**Data provided**
━━━━━━━━
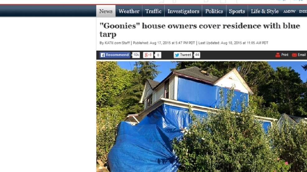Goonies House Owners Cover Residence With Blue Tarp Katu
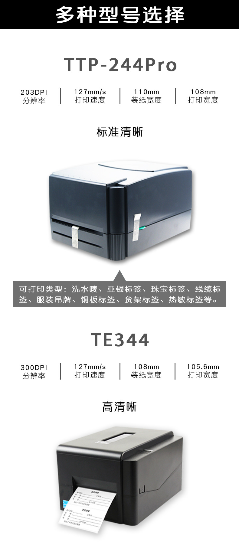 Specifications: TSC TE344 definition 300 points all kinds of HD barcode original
━━━━━━━━
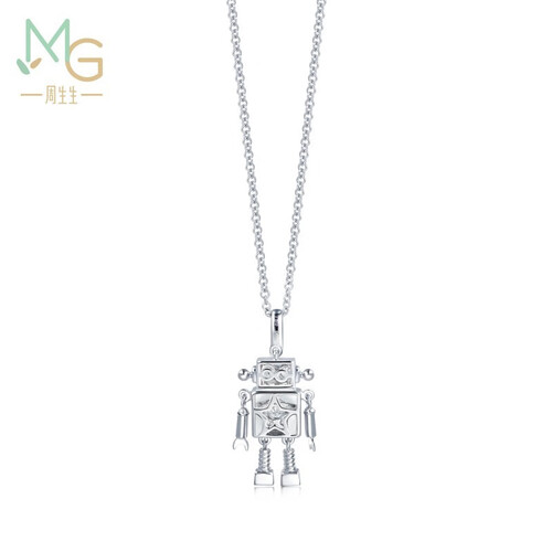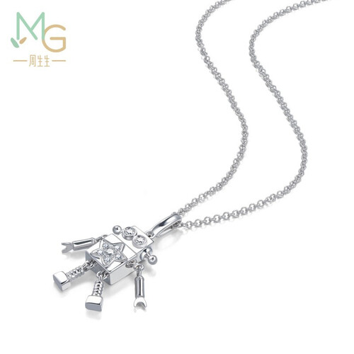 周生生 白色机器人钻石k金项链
━━━━━━━━
**Exercise description**
Leaving pictures out, output the lines of the data above from the one with "Goonies House Owners" through the one with "Specifications: TSC TE344", word for word.

**Reply to the task**
Goonies House Owners Cover Residence With Blue Tarp Katu
 Specifications: TSC TE344 definition 300 points all kinds of HD barcode original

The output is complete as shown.